We came back to New York after we shot the pilot to get our kids together, our things together, so that we could move out to L.A. in August to shoot the rest of the first season. We went to St. Martin in the Caribbean to celebrate and on the day we got back to New York, Jill reached up and felt a lump in her breast.

It was cancer. We lay down on our bed on West Eighty-ninth Street, pulled the shades and held hands in the dark. Jill was looking at the end of her life. I was looking at life without her. Like a drowning man, I watched all the scenes of our life together and realized how much of my identity had been tied up with this exquisite woman. Just standing next to her elevated what other people thought of me, what I thought of myself. I had cashed a lot of checks on that account. Not a pretty thought, but there it was.

Jill had her operation at Mt. Sinai in New York. Two weeks later she would have her first radiation appointment at UCLA—on the very same day L.A. Law went into production. We packed up, calmed our terrified children and got on the plane for L.A. This time we weren’t only changing coasts, jobs, schools, lifestyles and friends; we were also taking on a new life partner: cancer.

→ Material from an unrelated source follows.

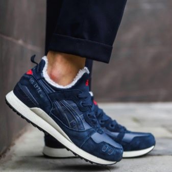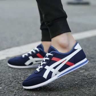 غالبًا ما يتم استخدام إدخالات جلدية في صناعة الأحذية الرياضية الرجالية للعلامة التجارية. يمكنك أيضًا العثور في ترسانة Asics على مثل هذه المنتجات المصنوعة بالكامل من جلد الغزال المخملي أو الجلد الناعم تمامًا.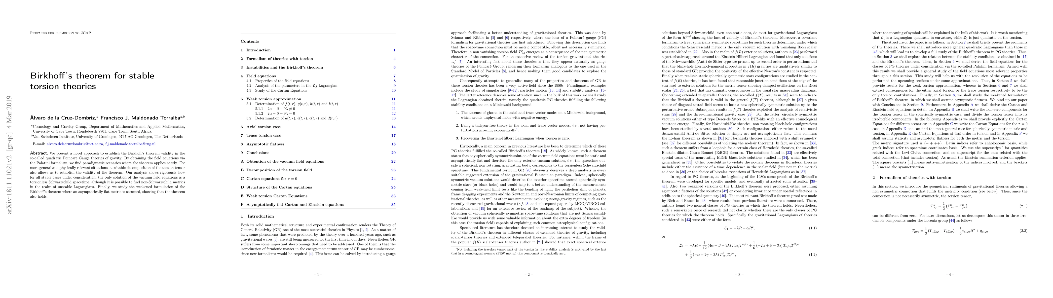 This paper establishes Birkhoff's theorem in quadratic Poincaré Gauge theories using the Palatini formalism and shows that vacuum field equations yield only torsionless Schwarzschild spacetime in stable scenarios. It also confirms the theorem's validity in a weakened formulation for asymptotically flat metrics.

This partner would radically change the way we looked at ourselves, our relationship, our future together—everything. Eventually—once we accepted it—cancer taught us how to live.

The sun appeared over the top of the mountain a little after eight and I got in the car and went down to our little village. I had an espresso at the bar; then I had another. I was too shy to start a conversation with the barista, so I pretended to read a local newspaper in which every fifth or sixth word made sense. After the morning crowd thinned out a bit I summoned up the courage to talk. I opened with my well-practiced phrase of self-abasement: “I’m so sorry, I’m an American, I don’t speak very well in Italian. . . .” This always worked. The barman lit up and we had a third-grade-level conversation in Italian in which I asked him if he could tell me where to buy the best local olive oil. He launched into a vivid description, with maps drawn on paper napkins, of where he thought I should go.

I wanted to take as much of Umbria back with me to California as I could fit into my suitcase. I found the olive oil outlet, where they also had some chestnut honey the region is known for and some cellophane bags of strangozzi, the local pasta. Then I stopped at a house—right on our road—that had a sign out front advertising fresh truffles. It turned out to be quite a serious operation—aluminum bins of truffles with the earth still clinging to them, scales to calculate their worth down to the smallest gram and a shrink-wrap machine so that people like me could travel without creating too much of a stink. I bought six beautiful specimens, each about the size of a billiard ball, to smuggle through customs. I went to the wine store to pick up six bottles of Montefalco Rosso. It’s a wonderful wine, which I hoped would taste as good when I got it back to California.

I went back to the house with my booty and stuffed it all into the suitcase, among the few clothes I had with me. I locked up, closed the shutters and drove off to the airport in Rome, bidding arrivederci to our little Rustico until we’d be back in September.